Are they sailors? Or do they have a stinkpot?

I would recommend calling your hosts to confirm how formal or informal it will be.

If less than formal, not black tie, can't go wrong with white trousers, db blazer, and yachting cap a la Judge Smails in Caddy Shack. Or red trousers/Nant Reds, sb blazer, and appropriate tie & pocket square. Still with yachting cap. Chipp II, Paul Winston, used to have a tie, and I don't remember if I saw some the last time I was in, that spelled out in nautical signal flags "permission to lay alongside?" Sounds perfect for your event - his # is 212-687-0850.

Or if black tie, red trousers and dinner jacket.

If you'll be on boats I would recommend appropriate footwear, which is fully acceptable, as is your foul weather gear jacket over all.

Thanks.


----------



## Andy (Aug 25, 2002)

AdamNYC:

I, too, think you're on the right track. Sounds like they want you to have some fun with your mode of dress. Best to ask (and let us know!!)

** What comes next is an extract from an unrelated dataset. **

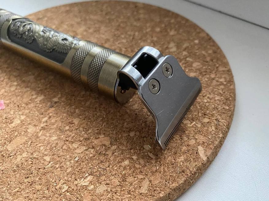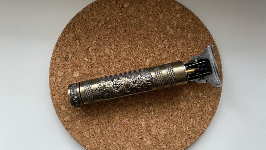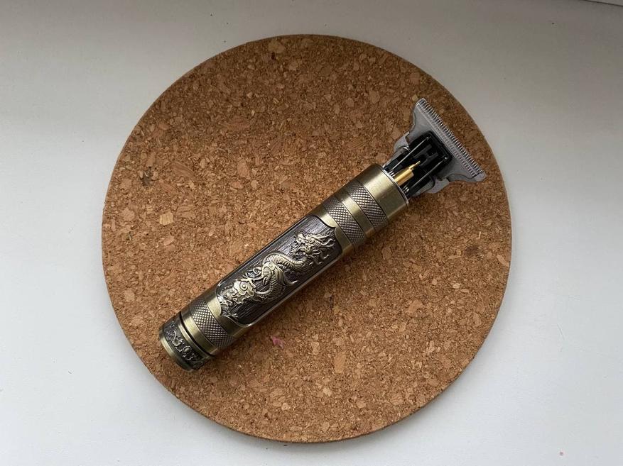 Триммер очень выглядит необычным образом. Корпус изготовлен из алюминия и покрыт рельефным изображением дракона, напоминающий бронзу. Также есть специальная накатка для удобного хвата.
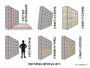 外壁に大きなひびが入っているような建物は、壁が落ちる可能性がありますのでこれも注意が必要です。

You might see some guests dressed as divergent as:


----------



## AdamNYC (Oct 28, 2008)

Event is in Montauk. No boats, no stinkpots.


----------



## The Louche (Jan 30, 2008)

I do like the idea of white or red trousers as well. I bet it would be easier to find white in a more formal fabric such as wool twill. I don't think cotton would be very formal. White would only work during the day of course.


----------



## Kav (Jun 19, 2005)

This is WINTER. You never, ever wear summer whites in winter in nautical kit. 

I met a Weimar Kreigsmariner who fled nazi Germany whose work with the british is still classified.
Fascinating old gent, he came to a military wedding in full uniform boasting both the Iron Cross 1st class and all these R.N. medals. That got looks! 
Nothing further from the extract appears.